One advantage of watching the TTB for label approvals is that you can get the opportunity to get sneak peeks at things that might happen. I saw these labels come through this week, and wanted to pass on you to you guys the possibility variants for this years Goose Island Bourbon County Brand Stout – if that beer is your thing, of course.
Keep in mind, none of this in set in stone. Label approvals only mean that the brewery has the ability to legally release this, not that they will or when. With that being said… onward!
The Variants
Bourbon County Brand Stout
- This is your standard base of the beer, obviously a returning annual release from the brewery.
Bourbon County Brand Coffee Stout
- The coffee variant is another annual returning release. The beer is aged in bourbon barrels with Intelligentsia dark roasted coffee beans.
Bourbon County Brand Reserve Stout
- The beer was aged in 12 year old Elijah Craig bourbon barrels.
Borubon County Brand Neopolitin Stout
- A new variant for the brand. This beer was aged in bourbon barrels and blended with strawberry puree, chocolate, vanilla and lactose.

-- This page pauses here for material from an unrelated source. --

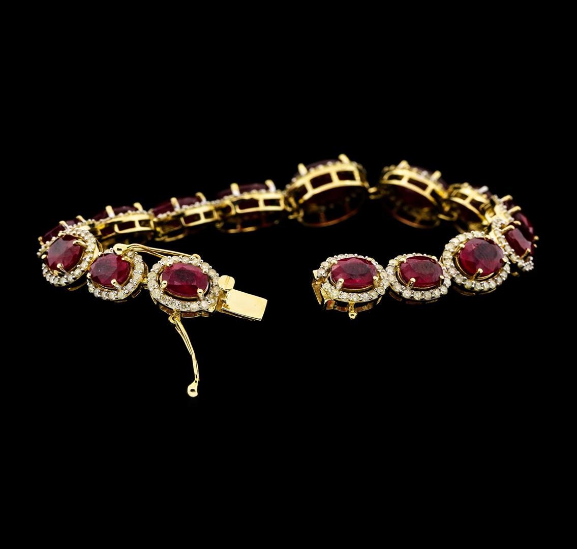 One electronically tested 14KT yellow gold ladies cast & assembled ruby and diamond bracelet. Seven and one-half inch length bracelet features a graduating ruby and diamond bezel ribbon, terminating in a concealed clasp with twin safeties. Bright polish finish with rhodium accents. Trademark is Orianne. Identified with markings of "14K". Condition is new, good workmanship. Containing: Fifteen prong set oval mixed cut natural rubies approximate total weight of 37.85ct., clarity is heavily included, type II, medium dark, very slightly brownish, slightly purplish red color, (GIA slpR 6/3), cut is good. Transmitting light somewhat diffusely, transparent to translucent. Naturally occurring internal & external characteristics are present. Indicationsof laboratory high temperature heat treatment, with glass & flux additives. Color grade is anaverage for the group. Graded in the setting. Ruby has a low tolerance to rhodium plating,repolishing the surface, & ultrasonic cleaning.Three Hundred Nine prong set round brilliant cut diamonds approximate total weight of 309 Stones = 3.62ct. The color grade reflects the entire range of color for this group. Graded in the setting. Clarity: I-1 to I-2. Color: H - K. Total Weight of Colored Stones 37.85ct. Total Weight of Diamonds 3.62ct. Total Weight of Bracelet 22.72gm. AIG Appraised.

Bourbon County Brand Proprietors Stout
- Typically only released in the Chicago market, this beer is aged in bourbon barrels with cocoa nibs and chocolate added.
Bourbon County Brand Bramble Rye Stout
- Aged in rye whiskey barrels and blended with raspberries and blackberries.
Bourbon County Brand Vanilla Stout
- Aged in bourbon barrels with vanilla beans.
Bourbon County Brand Horchata Stout
- Another new variant, aged in bourbon barrels and flavored with Ceylon cinnamon, vanilla and lactose.
Bourbon County Brand Wheatwine
- This could possibly be replacing the barleywine this year, a simliar beer but with a higher wheat content.
About Bourbon County Brand Stout
This beer from Chicago’s Goose Island is known for being the first commercially available bourbon barrel aged stout. The beer was first released in 1995 and has followed it up with an extremely successful run of annual releases since. The idea of barrel aging beers commercially has grown and spread to thousands of breweries since Goose Island first released the beer, and their practices of how to do so have become commonplace in the industry.
I’m not going to really dig into this beer to deeply (right now… it would be a fun topic at some point, though). If you want to know more there are few better places to turn than All About Beer, where Jeff Alworth wrote up a pretty fantastic piece about the beer back in 2016.
Needless to say, regardless of who now owns the Goose Island Brewery (AB-InBev) the beer itself has an important place in the history of craft beer in the United States.